The risks associated with this syndrome include a strong tendency of developing cancer in multiple sites,^[2] especially in the gastrointestinal tract. Other areas include the pancreas, liver, lungs, breast, ovaries, and testicles.

The average age of first diagnosis is 23, but the lesions can be identified at birth by an astute pediatrician. Prior to puberty, the mucocutaneous lesions can be found on the palms and soles. Often the first presentation is as a bowel obstruction from an intussusception; an intussusception is a telescoping of one loop of bowel into another segment.

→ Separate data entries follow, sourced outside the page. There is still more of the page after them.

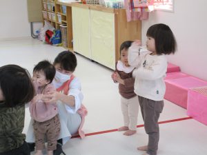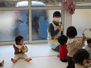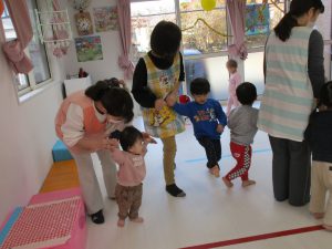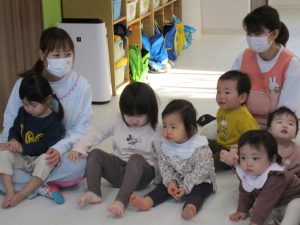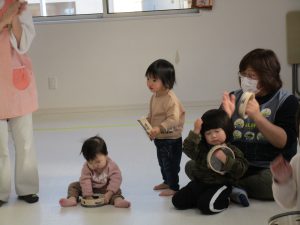 「しあわせなら手をたたこう」のお歌を歌い、1番は手をたたいて
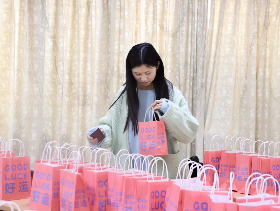 同学们前来报到时,除了完成正常的注册签到程序以外,还可以领取一份来自公司的小礼物。红色的手提袋被整整齐齐地放在桌上,同学们一进门就能看到袋子上的“好运”字样。一瓶饮料、一包零食、一个盲盒,新春伊始,太阳城集团为大家备上一份体贴与惊喜,一同开启新的又一年。
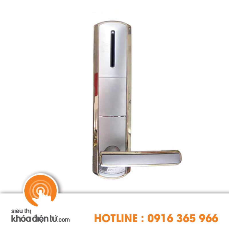 | Ưu điểm | Khóa cửa sử dụng công nghệ thẻ từ Bề mặt: Phủ PVD chống trầy xước, cho bề mặt luôn sáng bóng. Cài đặt thời gian cho hệ thống khóa bảo đảm thẻ chìa khóa không thể mở cửa: Khu vực hạn chế ra vào, sau giờ làm việc, ngày nghỉ...(phân quyền ra vào). Báo động với tiếng bíp kéo dài cảnh báo khi có người nạy phá khóa hoặc cửa chưa được đóng hoàn toàn khi ra khỏi phòng. Báo hiệu bằng âm thanh và đèn đỏ nháy khi pin yếu Bộ cơ chuyển động ly hợp bằng bánh răng tạo nên sự chắc chắn, đều đặn. Chức năng khóa đôi: khóa cửa bằng 5 chốt, độ an toàn cao |

Most of the data regarding this disorder are from selected family lines and thus the risks endured by those families regarding outcomes may not translate completely to the patient without a familial history.

Prognosis

Almost half of Peutz-Jeghers patients die from cancer by age 57 years, and the cumulative risk of developing a form of cancer associated with Peutz-Jeghers syndrome between ages 15-64 is 93%.^[3]

Screening

Screening for cancers include upper GI endoscopy, enteroclysis, colonoscopy, endoscopic ultrasound, testicular ultrasound.

References

1. ^ UniProtKB/Swiss-Prot entry Q15831 [STK11_HUMAN Serine/threonine-protein kinase 11]. Retrieved on 2007-07-21.
2. ^ Boardman LA, Thibodeau SN, Schaid DJ, et al (1998). "Increased risk for cancer in patients with the Peutz-Jeghers syndrome". Ann. Intern. Med. 128 (11): 896-9. PMID 9634427.
3. ^ eMedicine - Peutz-Jeghers Syndrome : Article by Andrea Duchini, MD. Retrieved on 2007-07-21.